I agree with the use cases but they are out of the scope of this PR.

The purpose of this PR should be very simple (precondition: there are other tiers that load/populate the configuration into the context chain) based on requirements from #2249:

  1. Define the convention to configure a bound entry in the context (the configuration should be decoupled from the target, both of them can be bound independently). This allows us to leverage our IoC/DI container for configuration resolution.

  2. Define sugar APIs on Context to provide/consume configuration for a given binding (configure() and getConfig())

  3. Define a @inject.config decorator to inject corresponding configuration into a class without the need to know the binding key.

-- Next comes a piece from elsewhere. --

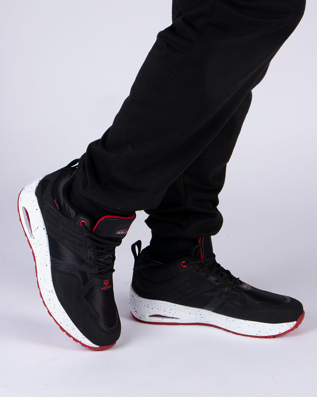 Muévete con libertad, pisa con control. Estos tenis deportivos Fratello combinan diseño moderno, suela antiderrapante y materiales resistentes para lograr el mejor desempeño. ¡Haz clic y empieza tu próxima rutina con el pie derecho! Fratello tenis deportivos para hombre, modelo en color negro con detalles en color rojo, elaborado en material sintético, tipo de ajuste con agujetas al tono, suela antideslizante con un alto de 4 cm, suela sintética con burbuja de aire, forro textil, tallas disponibles 25/29 incluyendo medias tallas, modelo con horma normal (talla fiel), te sugerimos adquirir talla habitual. Haz que cada paso cuente con Zapatería Fratello, calzado 100% mexicano. Ponte zapatos, no límites. Compra los tuyos ahora.

Sure, I agree it's good to work in small increments and thus keep the scope of this pull request small. My concern is that you are defining foundational building blocks for the app/extension configuration, but we don't know if they will be able to support our requirements. Once this new feature is published as part of our public API, it will become difficult to make breaking changes.

I am not asking you to create a full implementation for the use cases I have described above, a high-level description of the indented solution is good enough.

For example:

As an LB4 app developer, I'd like to have a single JSON file to define all configuration entries. How are we going to map from a JSON format to the API proposed in this pull request?

We can define a convention where the binding key is used as the key in the JSON file too. E.g.

{
  "rest.port": 3000,
  "rest.host": "localhost",
}

Is it just me who see a similarity with Java property files? Maybe we should use nesting instead of dot-separated property names? Anyhow, that's just an implementation detail we can figure out later.

As an extension developer, I may want my extension to provide default configuration options that can be later overridden by app-level config provided by the user.

Can we rely on the order in which the configuration bindings are created?

class MyApp {
  constructor() {
    app.component(RestComponent); // defines the default configuration
   
    // custom configuration - overrides the config values bound by components
  }
}

Would this become a pain point and we will need to look for different ways how to allow extensions to provide default values?

As an extension developer, I may want to contribute configuration for artifacts bound by a different extension. A contrived example: @loopback/rest-explorer may want to override certain configuration of @loopback/rest.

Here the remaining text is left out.